SOURCE DATA below:

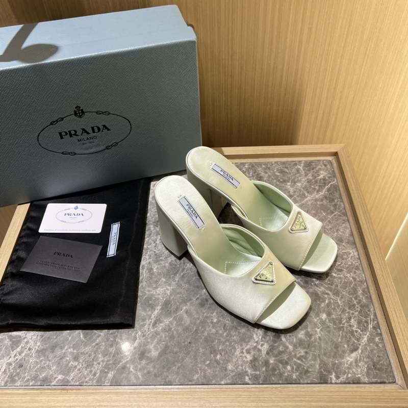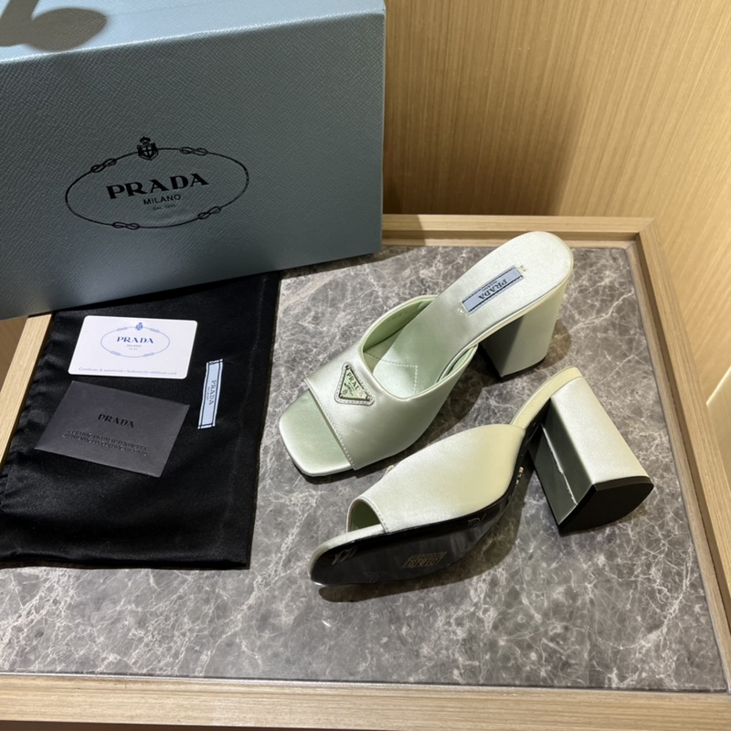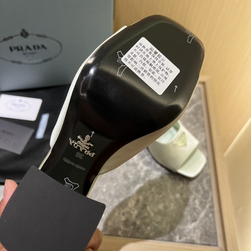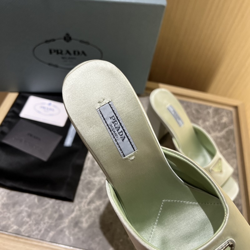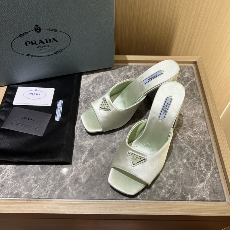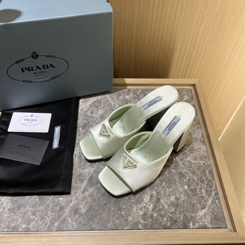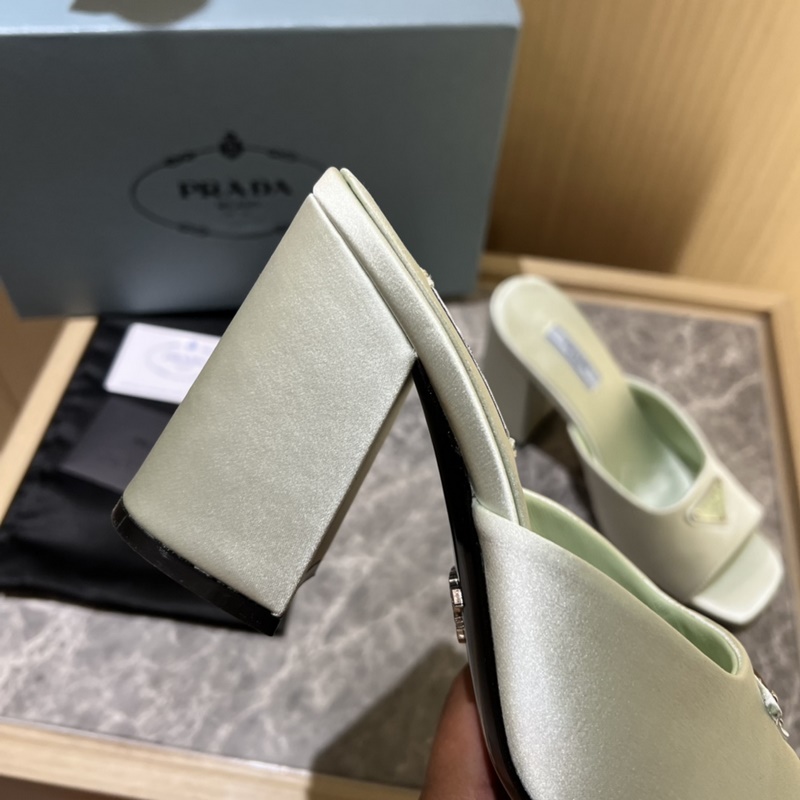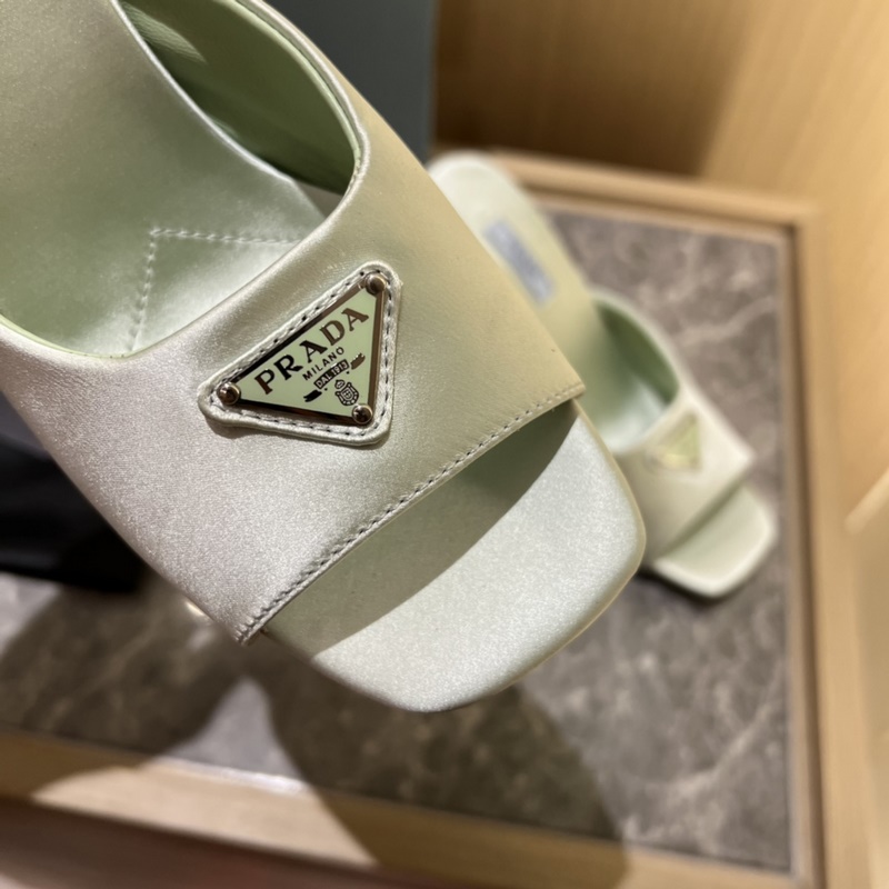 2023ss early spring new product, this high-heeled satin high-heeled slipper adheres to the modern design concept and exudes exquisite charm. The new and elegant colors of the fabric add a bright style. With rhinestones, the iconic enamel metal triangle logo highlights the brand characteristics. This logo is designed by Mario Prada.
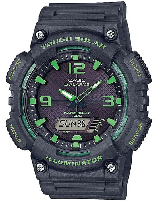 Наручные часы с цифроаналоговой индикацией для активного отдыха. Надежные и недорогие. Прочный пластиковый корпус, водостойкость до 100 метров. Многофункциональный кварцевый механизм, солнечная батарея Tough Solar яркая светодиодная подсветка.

End of SOURCE DATA.
SOURCE DATA below:

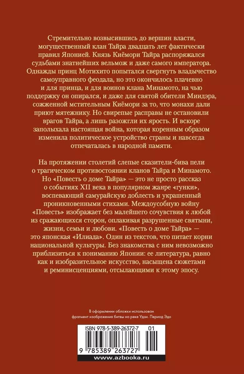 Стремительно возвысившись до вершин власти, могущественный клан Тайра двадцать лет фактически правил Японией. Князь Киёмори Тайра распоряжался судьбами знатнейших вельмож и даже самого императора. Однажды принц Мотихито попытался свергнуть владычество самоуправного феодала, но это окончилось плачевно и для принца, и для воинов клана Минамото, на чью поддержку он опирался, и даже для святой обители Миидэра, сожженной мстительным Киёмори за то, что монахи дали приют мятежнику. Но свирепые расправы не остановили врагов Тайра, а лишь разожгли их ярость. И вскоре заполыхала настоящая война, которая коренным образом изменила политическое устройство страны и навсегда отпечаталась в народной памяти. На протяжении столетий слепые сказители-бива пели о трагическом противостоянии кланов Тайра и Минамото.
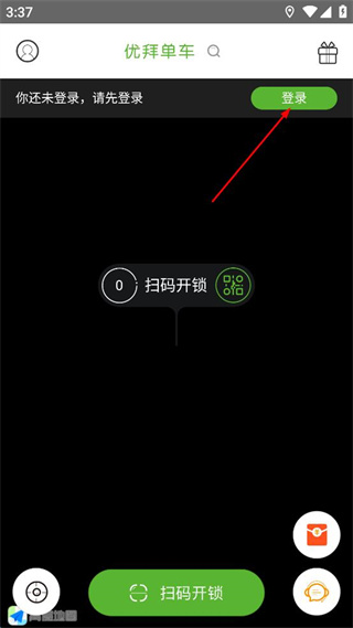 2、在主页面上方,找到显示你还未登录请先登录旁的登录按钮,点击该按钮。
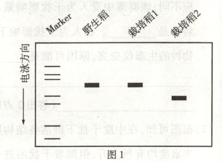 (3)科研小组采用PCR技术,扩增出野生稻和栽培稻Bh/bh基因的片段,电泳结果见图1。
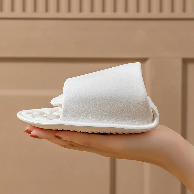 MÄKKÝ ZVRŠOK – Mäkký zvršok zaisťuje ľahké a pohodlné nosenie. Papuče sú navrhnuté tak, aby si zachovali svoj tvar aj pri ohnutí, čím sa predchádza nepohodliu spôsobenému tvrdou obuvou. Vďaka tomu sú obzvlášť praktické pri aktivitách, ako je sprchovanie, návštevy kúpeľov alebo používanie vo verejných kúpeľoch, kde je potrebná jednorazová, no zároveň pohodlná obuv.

End of SOURCE DATA.
SOURCE DATA below:

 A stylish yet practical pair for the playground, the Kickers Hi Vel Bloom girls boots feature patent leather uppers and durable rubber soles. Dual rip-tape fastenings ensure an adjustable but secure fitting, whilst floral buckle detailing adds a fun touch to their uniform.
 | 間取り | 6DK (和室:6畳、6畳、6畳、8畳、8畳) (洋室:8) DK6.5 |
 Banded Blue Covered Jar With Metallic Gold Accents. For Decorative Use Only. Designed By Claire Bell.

End of SOURCE DATA.

EXERCISE AIM: All that should appear in the answer is the lines above from the line with "2023ss early spring" through the line with "Наручные часы с", retyped exactly, pictures left out.

TASK RESPONSE:
 2023ss early spring new product, this high-heeled satin high-heeled slipper adheres to the modern design concept and exudes exquisite charm. The new and elegant colors of the fabric add a bright style. With rhinestones, the iconic enamel metal triangle logo highlights the brand characteristics. This logo is designed by Mario Prada.
 Наручные часы с цифроаналоговой индикацией для активного отдыха. Надежные и недорогие. Прочный пластиковый корпус, водостойкость до 100 метров. Многофункциональный кварцевый механизм, солнечная батарея Tough Solar яркая светодиодная подсветка.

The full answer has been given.